Task to complete: Working through the data below, reproduce word for word the line with "JK Designs Custom" and every line after it, both ends included, and omit the pictures.

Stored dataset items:
---
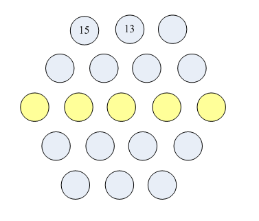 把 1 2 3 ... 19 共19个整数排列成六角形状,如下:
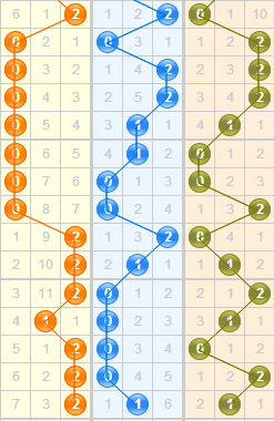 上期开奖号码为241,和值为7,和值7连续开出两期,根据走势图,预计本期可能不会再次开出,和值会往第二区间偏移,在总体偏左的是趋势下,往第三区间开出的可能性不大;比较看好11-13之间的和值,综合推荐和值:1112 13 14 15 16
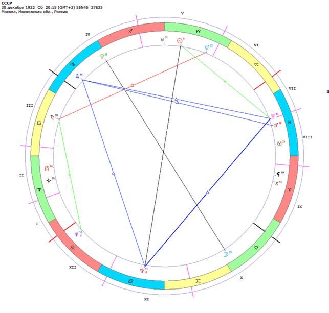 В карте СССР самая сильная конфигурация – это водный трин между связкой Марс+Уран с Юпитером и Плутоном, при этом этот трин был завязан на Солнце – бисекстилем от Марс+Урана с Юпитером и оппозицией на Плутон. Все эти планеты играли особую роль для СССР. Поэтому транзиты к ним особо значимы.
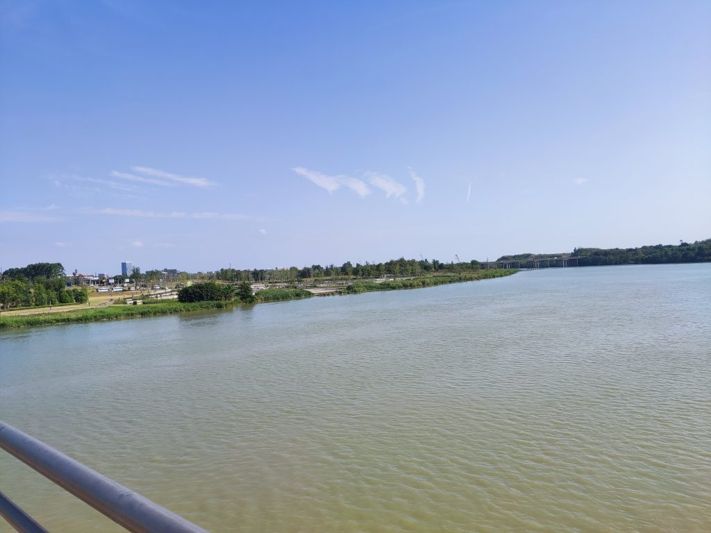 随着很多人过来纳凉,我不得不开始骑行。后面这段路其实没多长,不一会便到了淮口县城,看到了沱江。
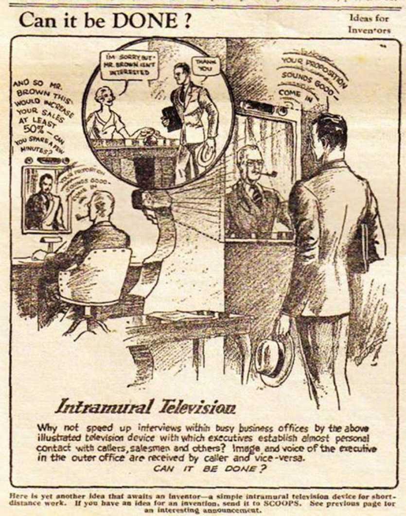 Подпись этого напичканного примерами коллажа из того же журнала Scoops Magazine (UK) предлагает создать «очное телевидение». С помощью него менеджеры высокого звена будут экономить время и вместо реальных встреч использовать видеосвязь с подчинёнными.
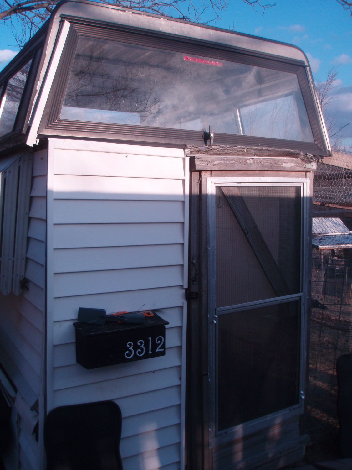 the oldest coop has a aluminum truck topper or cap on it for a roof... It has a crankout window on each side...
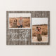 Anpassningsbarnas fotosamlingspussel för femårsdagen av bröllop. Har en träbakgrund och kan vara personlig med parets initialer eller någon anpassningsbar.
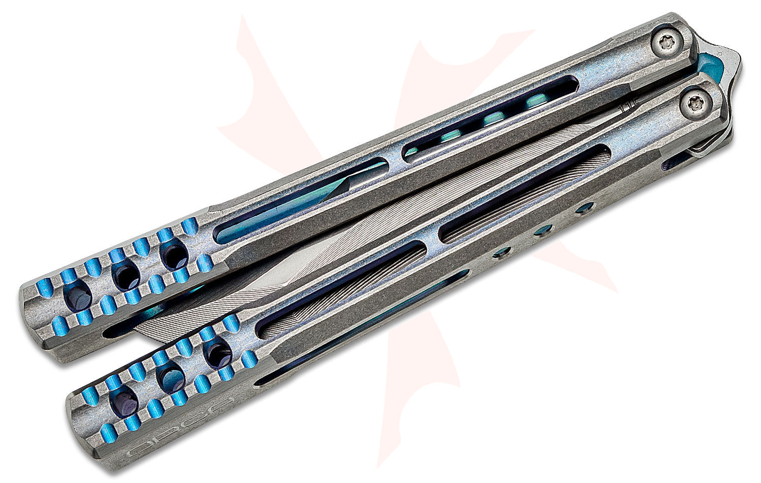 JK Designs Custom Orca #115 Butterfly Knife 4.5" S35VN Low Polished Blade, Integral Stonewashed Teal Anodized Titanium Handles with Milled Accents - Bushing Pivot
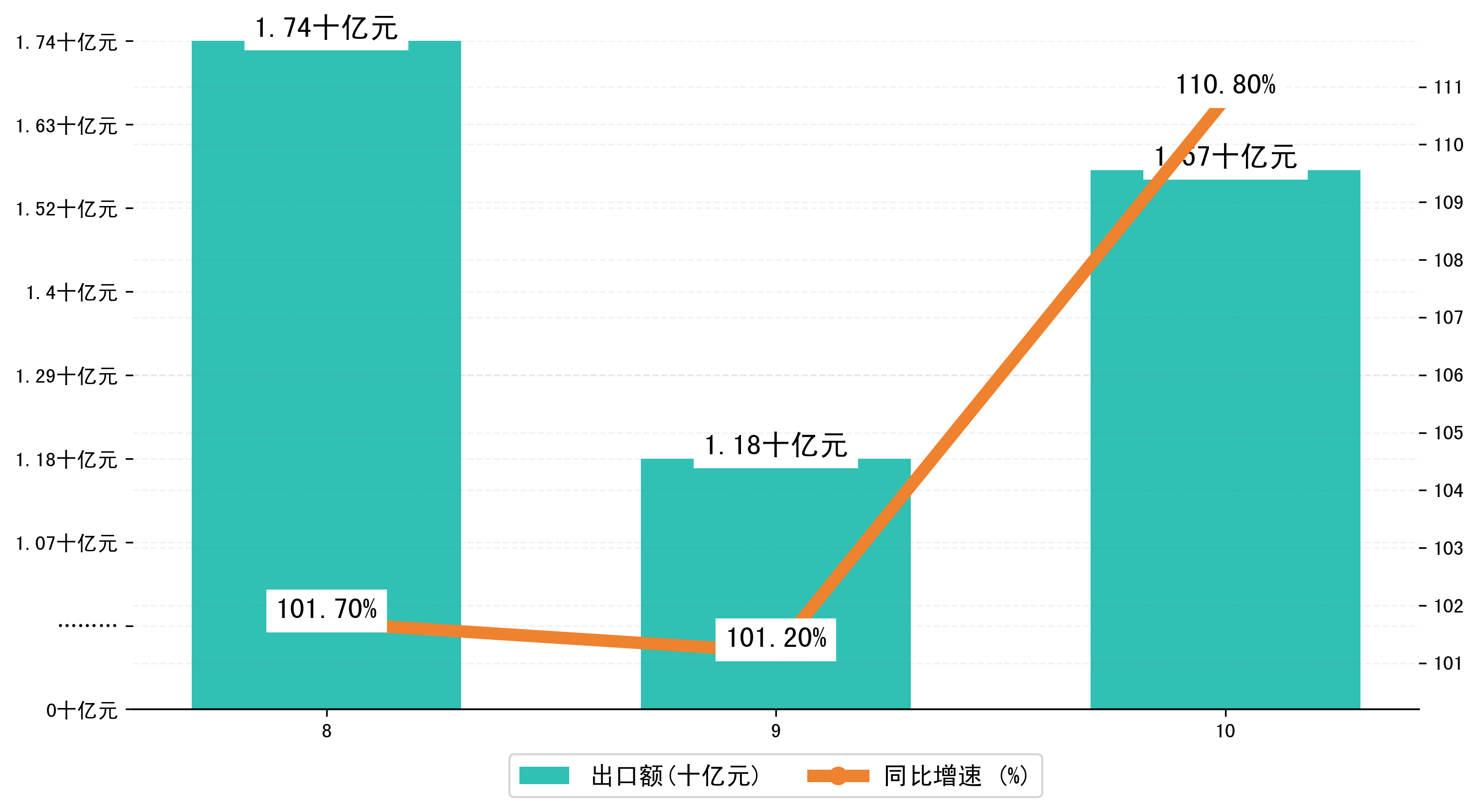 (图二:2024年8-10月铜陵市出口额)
---
Completed exercise:
 JK Designs Custom Orca #115 Butterfly Knife 4.5" S35VN Low Polished Blade, Integral Stonewashed Teal Anodized Titanium Handles with Milled Accents - Bushing Pivot
 (图二:2024年8-10月铜陵市出口额)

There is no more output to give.